Mostly, I'd like to know so that I'm not misinforming my clients. 

I know a lot of people go to the line 'it's fur , it'll grow back' , but I can't help thinking about some of the border collies, pomeranians, golden retrievers, and cavaliers we shave who's coats grow back gross. I know poodles have a different hair type than these dogs though. 

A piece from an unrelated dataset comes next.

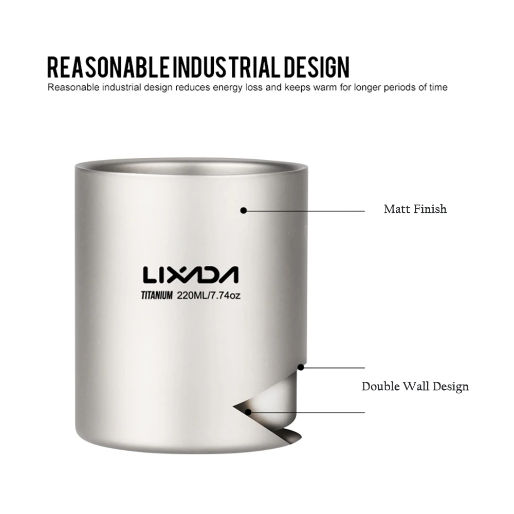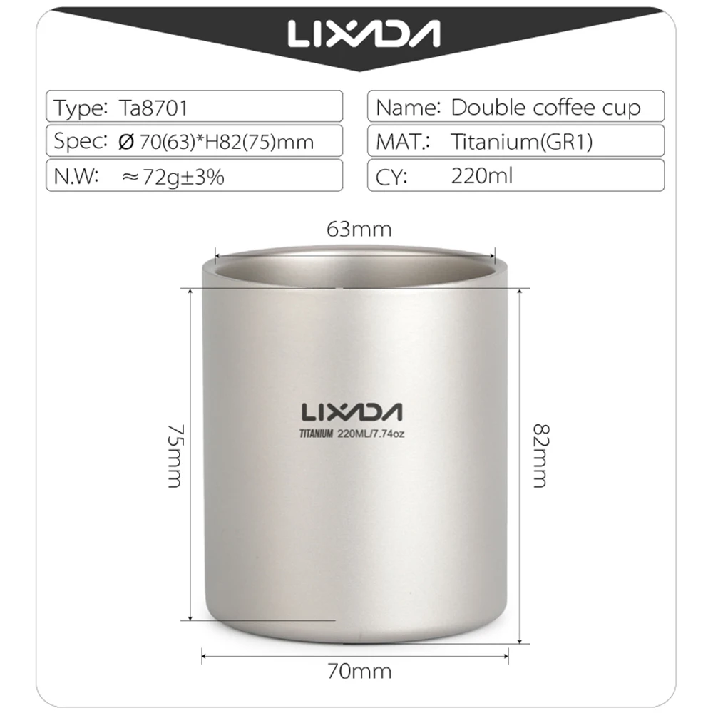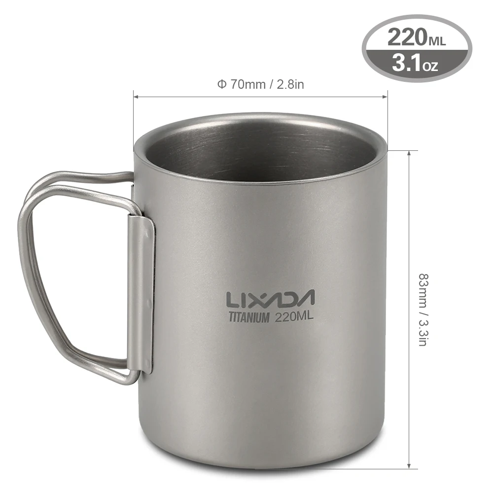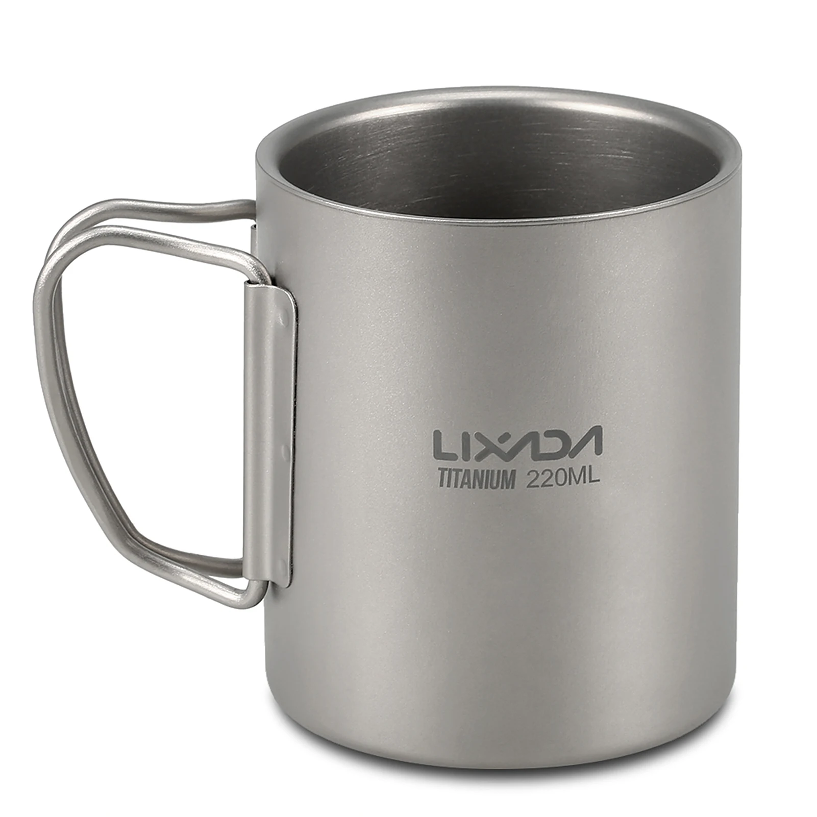 Титановая чашка Lixada с двойными стенками, 220 мл, чашка для воды, кофе, чая, Кружка со складной ручкой, титановая чашка с двойными стенками, кружка для воды, кофе, чая

Also, anyone have any good suggestions or pictures of a cute simple cut to put a young dog in? He doesn't *need* it, I just am chomping at the bit to do some grooming on him. Where I live in Maine almost EVERY SINGLE poodle that comes in gets shaved down with a 7. Not a lot of advanced techniques being polished , I'm afraid .


----------



## Carrie-e (Oct 23, 2012)

I have always owned poodles and have never heard that you can't shave them until a year old. Their puppy hair goes into adult hair from around 9 months old,but because their hair continuously grows if you don't cut their hair for a whole year,imagine how long it would get,and very hard to keep knot free especially during coat change.
There are a lot of groomers on this forum so hopefully they will give you some more replies as they know more about it than me!
For a pet poodle the lamb trim is a lovely neat smart haircut,shaved face,feet and tail,shortish back and lovely leg trousers.


----------



## DreamAgility (Sep 2, 2013)

It does not effect the poodes coat. The poodles coat will be the same color and texture as it would be if you didn't shave it. There is a member on her that breeds phantom spoos and recently was posting pictures of her puppies. She had all their faces shaved at a young age.
The one thing I regret is shaving my poodle puppy, though. I wish I had grown her hair and experimented with it. You have more to work with when your ready to shave them down as a 1 year old. I shaved my spoo into a german clip on her first birthday, and really, most puppys really dont look good in anything except for a puppy clip until a year old anyway. When they are a puppy is when their hair is easy to care for. After a year old, the hair is a pain in the butt because of coat change.


----------